#### Input data
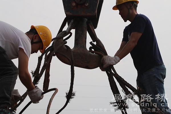 15日施工现场,专监、安全、施工、吊装等30余名项目管理人员及作业人员进行着最后的调试检测工作。中午13时许,随着最大起吊重量220吨的4台大型吊车和运输T梁的2台炮车发出的阵阵轰鸣声,吊装作业正式启动。此时梁场内两台起吊设备在司索的同步指挥下将梁片徐徐吊离台座,随后由2辆炮车将T梁运输到固定导梁,通过导梁逐一安装到一号和二号桥墩之间。经过项目团队连续两日的不懈奋战,顺利于次日完成了何家嘴大桥二跨T梁的吊装工作。
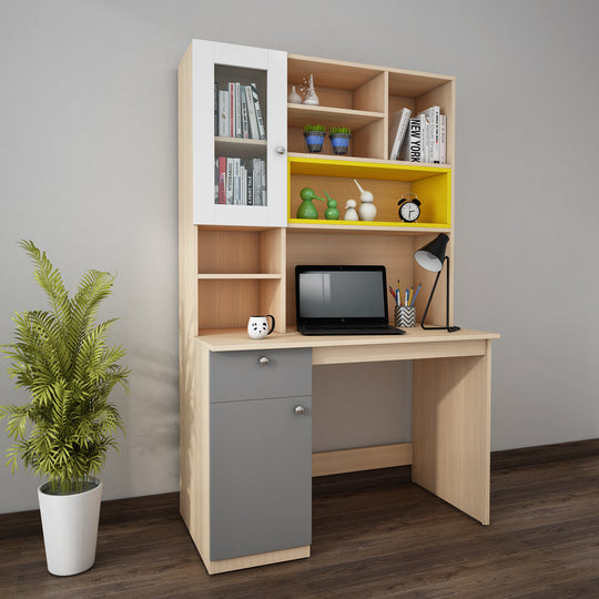 Nector Home Office Table | Beige Teak and Gothic Grey
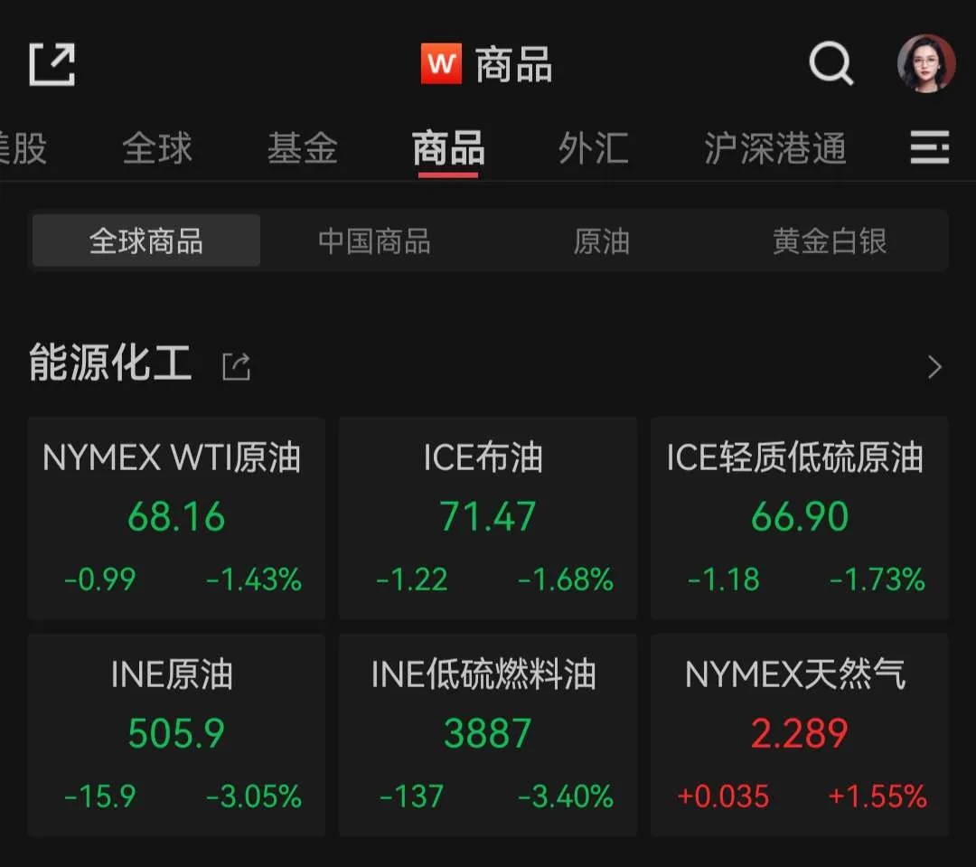 能源股普遍下跌,埃克森美孚跌0.42%,雪佛龙跌1.7%,康菲石油跌1.3%,斯伦贝谢跌1.44%,西方石油跌3.19%。
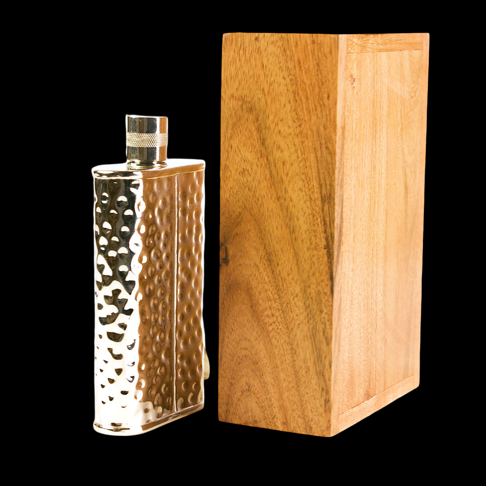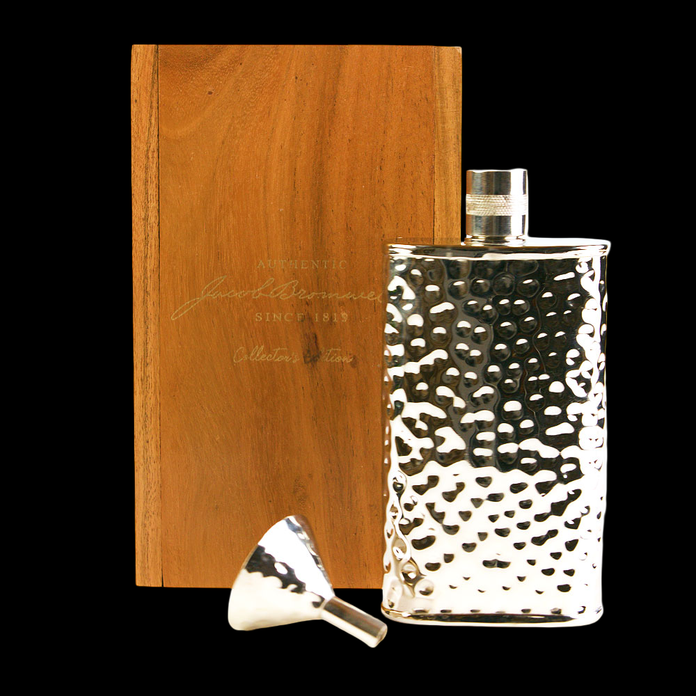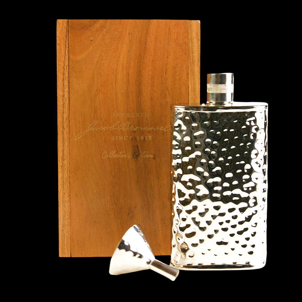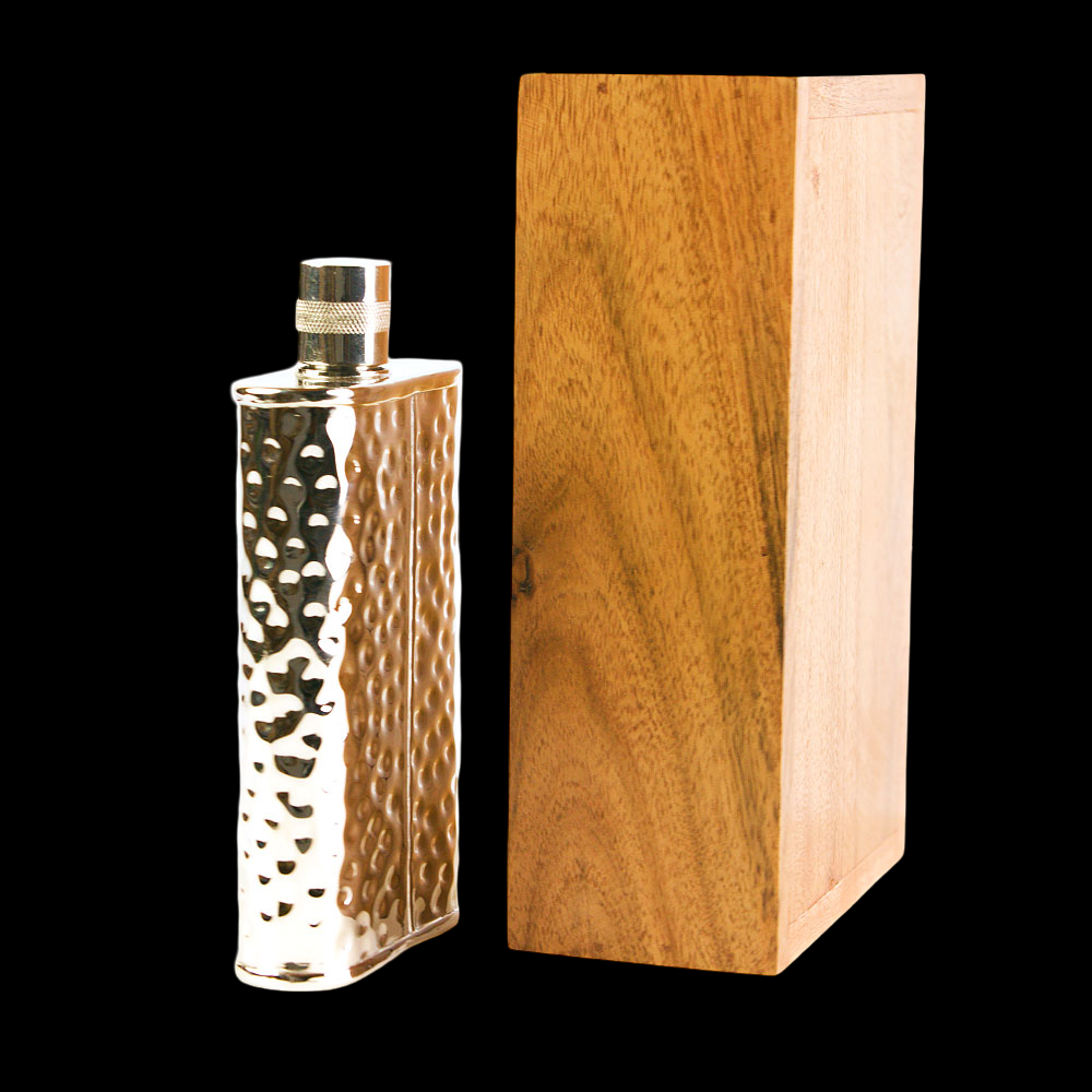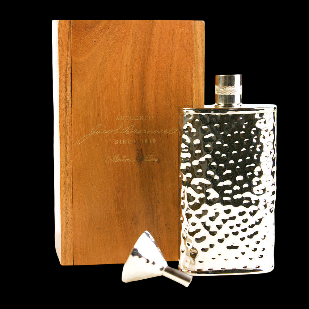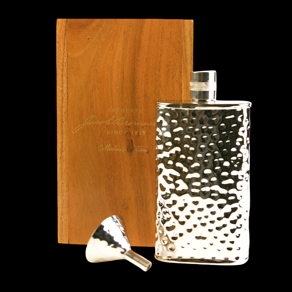 Praised as being "worthy of passing down for generations" by Bloomberg, The Platinum Roosevelt features a kidney-shaped design that is both slim and compact—clocking in at just 3 inches wide and 6 inches tall. This makes The Platinum Roosevelt just the right size, fitting very nicely into a jacket pocket without creating a noticeable bulge. A legendary status symbol, The Platinum Roosevelt is perfectly hammered by skilled Jacob Bromwell® artisans, resulting in over 5 labor hours per piece. Its body is made of 22 gauge solid copper—finished off with our jewelry-grade platinum finish—while molten, lead-free tin is applied to the interior using a lost process that's trade-secret to our company. Rarely do you get to hold a fine product in your hands that has as much history as The Platinum Roosevelt, plus the quality to back it up. Like a fine watch, this is one of the best luxury flasks you can invest in for your life.

#### Required work
Pictures aside, give the data again exactly as it appears.

#### Answer space
 15日施工现场,专监、安全、施工、吊装等30余名项目管理人员及作业人员进行着最后的调试检测工作。中午13时许,随着最大起吊重量220吨的4台大型吊车和运输T梁的2台炮车发出的阵阵轰鸣声,吊装作业正式启动。此时梁场内两台起吊设备在司索的同步指挥下将梁片徐徐吊离台座,随后由2辆炮车将T梁运输到固定导梁,通过导梁逐一安装到一号和二号桥墩之间。经过项目团队连续两日的不懈奋战,顺利于次日完成了何家嘴大桥二跨T梁的吊装工作。
 Nector Home Office Table | Beige Teak and Gothic Grey
 能源股普遍下跌,埃克森美孚跌0.42%,雪佛龙跌1.7%,康菲石油跌1.3%,斯伦贝谢跌1.44%,西方石油跌3.19%。
 Praised as being "worthy of passing down for generations" by Bloomberg, The Platinum Roosevelt features a kidney-shaped design that is both slim and compact—clocking in at just 3 inches wide and 6 inches tall. This makes The Platinum Roosevelt just the right size, fitting very nicely into a jacket pocket without creating a noticeable bulge. A legendary status symbol, The Platinum Roosevelt is perfectly hammered by skilled Jacob Bromwell® artisans, resulting in over 5 labor hours per piece. Its body is made of 22 gauge solid copper—finished off with our jewelry-grade platinum finish—while molten, lead-free tin is applied to the interior using a lost process that's trade-secret to our company. Rarely do you get to hold a fine product in your hands that has as much history as The Platinum Roosevelt, plus the quality to back it up. Like a fine watch, this is one of the best luxury flasks you can invest in for your life.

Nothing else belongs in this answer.